Provided data START

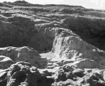 Es evidente que las cuevas de la punta homónima, que la marea sumerge dos veces por día, no pudieron ser el refugio que la tradición oral sostiene. En cambio, muy cerca de allí, sobre la cara oeste de la Punta Cuevas, existen unas excavaciones artificiales, ubicadas en hilera por encima del nivel de la pleamar, que podrían considerarse como lugar transitorio o primitivo de refugio. Tienen el tamaño de habitaciones pequeñas; hay cinco relativamente bien mantenidas, dos semiderruídas por el mar y vestigios de una octava. El trecho inmediato de la costa, hacia el sur, a lo largo de unos 45 metros, muestra indicios de haber sido trabajado de la misma forma (N. Weiler, com.pers.). Este último sector, por su ubicación ha sufrido mayor erosión marina y sólo puede presumirse la existencia de unos ocho o nueve cubículos más, con lo que en total serían unas quince o dieciséis "habitaciones".
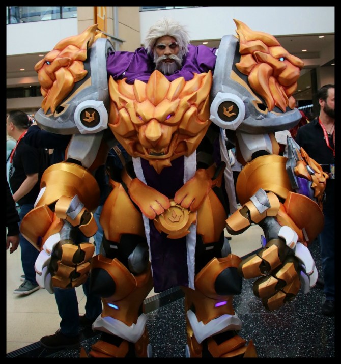 10:20 am – We’re back in the main convention hall of the Chicago Comics & Entertainment Expo (C2E2) at McCormick Place. My daughter, Leia, and her friend, Rachel, take off on their own while my other daughter, Jade, heads over to Cosplay Central with me. This zone, designated for cosplayers, has space for their elaborate costumes, photo backdrops, and even panels on this topic throughout the weekend. The first thing that caught our attention was a tall monster that looks like a composite of Sil from Species, Giger’s ALIEN, and the Balrog from Lord of the Rings! I have no idea how someone even begins to create something like this let alone moves around in it! If you have any doubts about cosplaying being a legit artform, then I strongly urge you to come to C2E2 for some clarification.
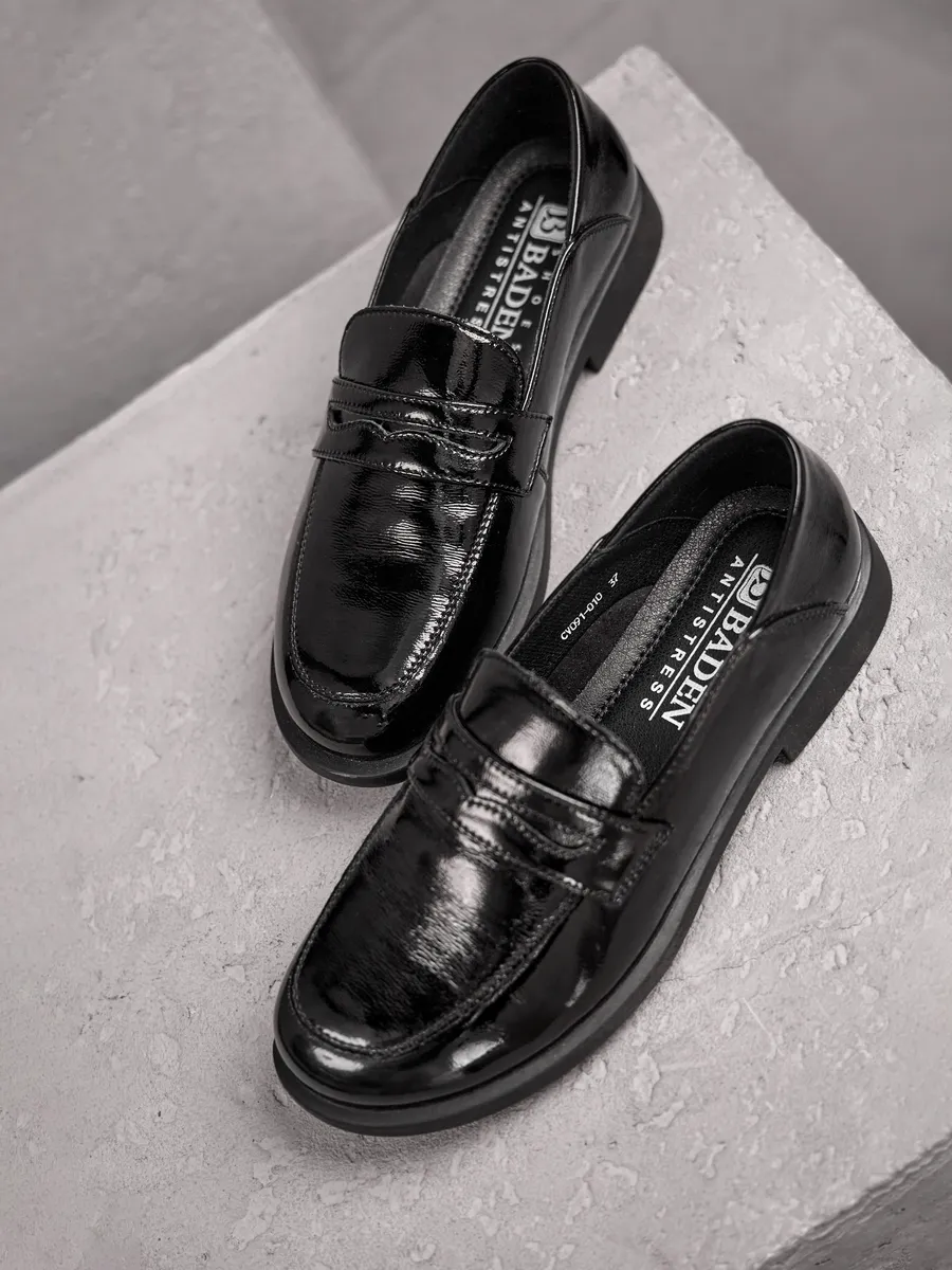 Лоферы маломерят на 0,5 - 1 размер. Ориентируйтесь на длину стельки указанную в размерном ряде. Туфли женские лаковые идут размер в размер, подходят на среднюю и увеличенную полноту ноги (7-8), выполнены из мягкой натуральной лаковой кожи, которая является дышащим и наиболее практичным материалом, она проста в уходе и долго сохраняет презентабельный внешний вид. Материал стельки высококачественная дышащая экокожа. Несъемная стелька амортизирующая и упругая. Такое сочетание обеспечивает комфортный микроклимат внутри обуви. Устойчивая и супер гибкая подошва из термопластичной резины подходит для межсезонной погоды и отличается хорошей устойчивостью к истиранию и механическим повреждениям, не скользит и обладает амортизационными свойствами, тем самым снимает нагрузку с позвоночника и поглощает удары стопы при ходьбе.
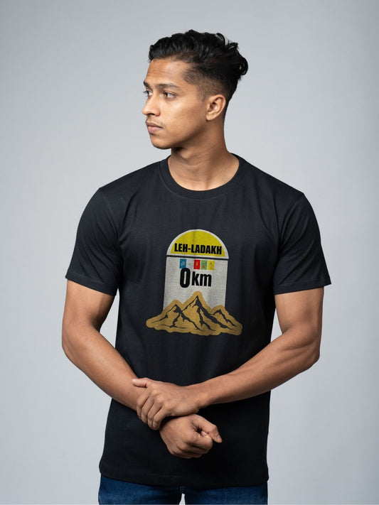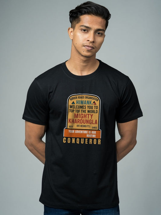 Roads to India® Men's Pure Cotton Trekking T-Shirt – Khardung La Graphic Tee | Unisex Fit (Regular & Oversized) | 180/220 GSM | Half Sleeve, Round Neck | S–5XL | Black, Navy Blue
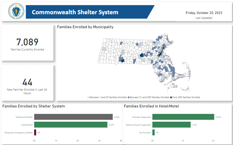 The Emergency Assistance Placement Data Dashboard provides daily updates on shelter placements in Massachusetts cities and towns.
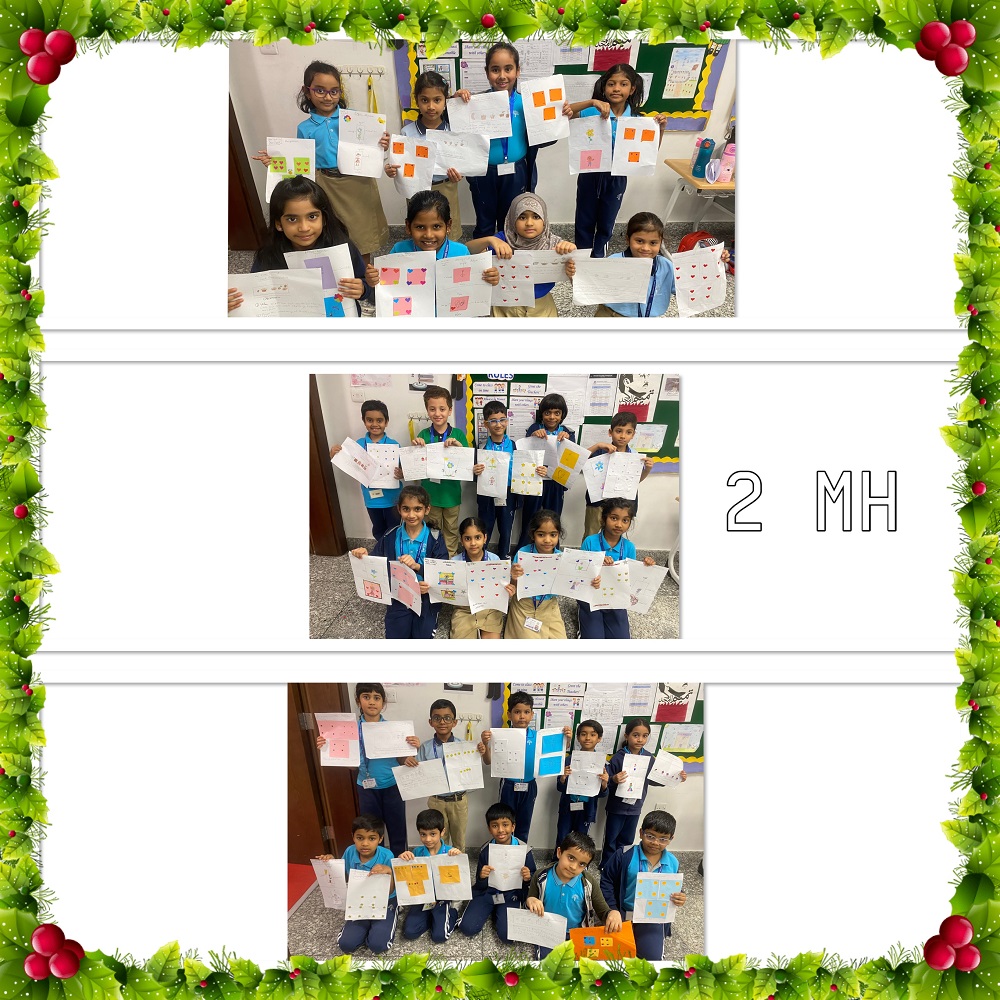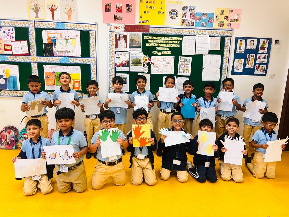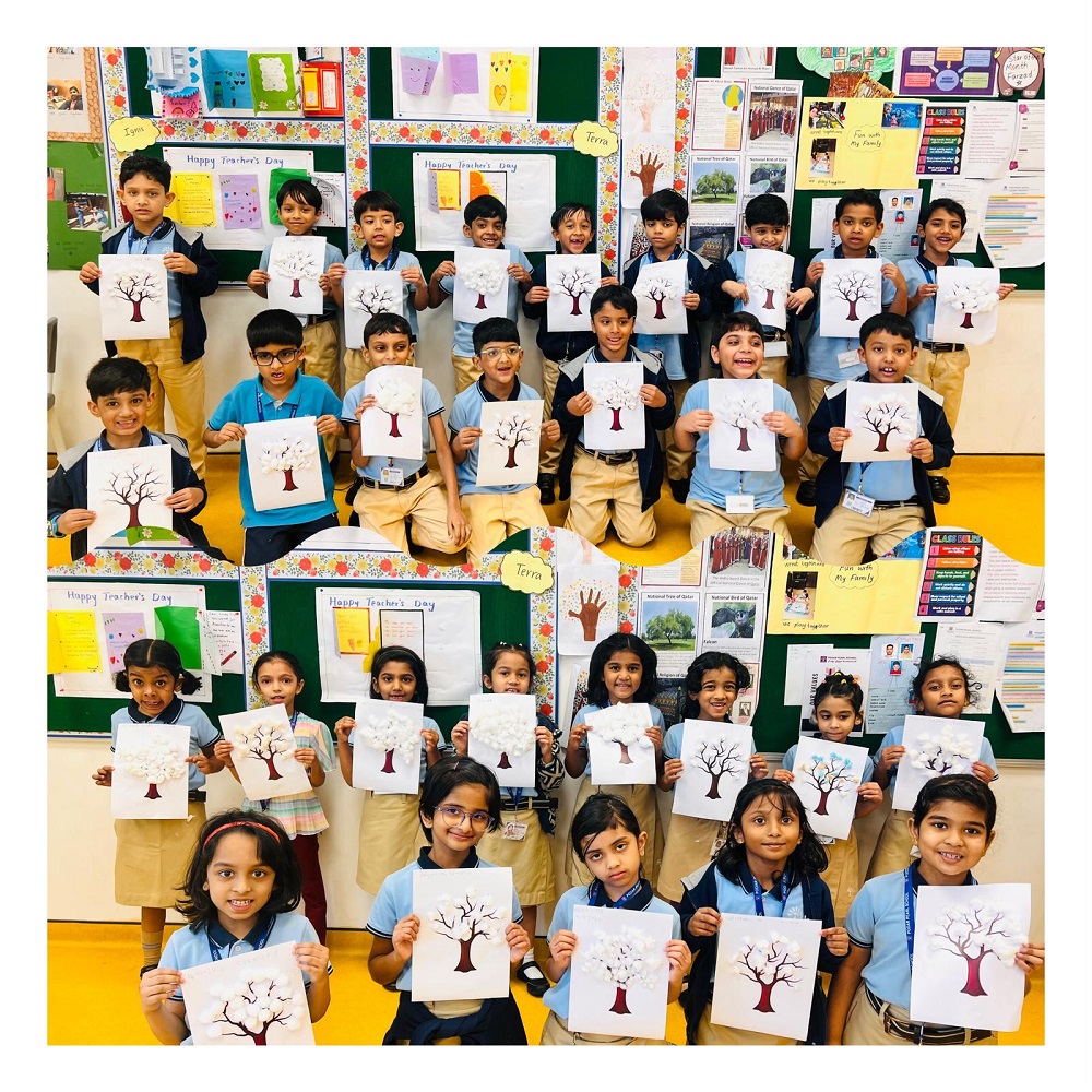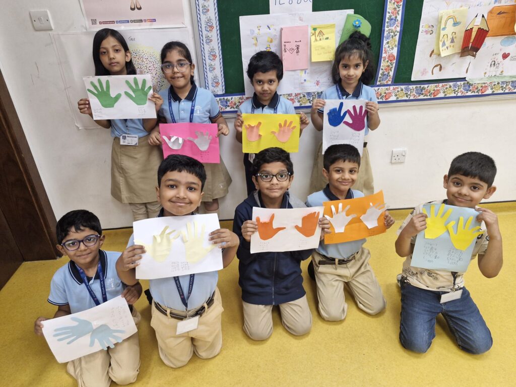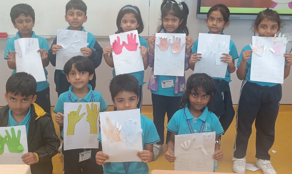 - Description: Grade 1 students did an activity on genders. They drew 2 flower pots representing masculine and feminine gender, some examples of them were written on the flowers. Students used palm shaped cutouts as a tool to practice math operations like addition and subtraction. Using an A4 sized sheet of paper, they drew the stem of a tree as the base of their artwork. Finally, they represented the season ‘winter’ using small cotton balls which were creatively stuck onto the branches to depict the snow- covered tree characteristics of winter.

Provided data END

Reproduce the listing in full and exactly, excluding any pictures it holds.

**Solution to this task:**
 Es evidente que las cuevas de la punta homónima, que la marea sumerge dos veces por día, no pudieron ser el refugio que la tradición oral sostiene. En cambio, muy cerca de allí, sobre la cara oeste de la Punta Cuevas, existen unas excavaciones artificiales, ubicadas en hilera por encima del nivel de la pleamar, que podrían considerarse como lugar transitorio o primitivo de refugio. Tienen el tamaño de habitaciones pequeñas; hay cinco relativamente bien mantenidas, dos semiderruídas por el mar y vestigios de una octava. El trecho inmediato de la costa, hacia el sur, a lo largo de unos 45 metros, muestra indicios de haber sido trabajado de la misma forma (N. Weiler, com.pers.). Este último sector, por su ubicación ha sufrido mayor erosión marina y sólo puede presumirse la existencia de unos ocho o nueve cubículos más, con lo que en total serían unas quince o dieciséis "habitaciones".
 10:20 am – We’re back in the main convention hall of the Chicago Comics & Entertainment Expo (C2E2) at McCormick Place. My daughter, Leia, and her friend, Rachel, take off on their own while my other daughter, Jade, heads over to Cosplay Central with me. This zone, designated for cosplayers, has space for their elaborate costumes, photo backdrops, and even panels on this topic throughout the weekend. The first thing that caught our attention was a tall monster that looks like a composite of Sil from Species, Giger’s ALIEN, and the Balrog from Lord of the Rings! I have no idea how someone even begins to create something like this let alone moves around in it! If you have any doubts about cosplaying being a legit artform, then I strongly urge you to come to C2E2 for some clarification.
 Лоферы маломерят на 0,5 - 1 размер. Ориентируйтесь на длину стельки указанную в размерном ряде. Туфли женские лаковые идут размер в размер, подходят на среднюю и увеличенную полноту ноги (7-8), выполнены из мягкой натуральной лаковой кожи, которая является дышащим и наиболее практичным материалом, она проста в уходе и долго сохраняет презентабельный внешний вид. Материал стельки высококачественная дышащая экокожа. Несъемная стелька амортизирующая и упругая. Такое сочетание обеспечивает комфортный микроклимат внутри обуви. Устойчивая и супер гибкая подошва из термопластичной резины подходит для межсезонной погоды и отличается хорошей устойчивостью к истиранию и механическим повреждениям, не скользит и обладает амортизационными свойствами, тем самым снимает нагрузку с позвоночника и поглощает удары стопы при ходьбе.
 Roads to India® Men's Pure Cotton Trekking T-Shirt – Khardung La Graphic Tee | Unisex Fit (Regular & Oversized) | 180/220 GSM | Half Sleeve, Round Neck | S–5XL | Black, Navy Blue
 The Emergency Assistance Placement Data Dashboard provides daily updates on shelter placements in Massachusetts cities and towns.
 - Description: Grade 1 students did an activity on genders. They drew 2 flower pots representing masculine and feminine gender, some examples of them were written on the flowers. Students used palm shaped cutouts as a tool to practice math operations like addition and subtraction. Using an A4 sized sheet of paper, they drew the stem of a tree as the base of their artwork. Finally, they represented the season ‘winter’ using small cotton balls which were creatively stuck onto the branches to depict the snow- covered tree characteristics of winter.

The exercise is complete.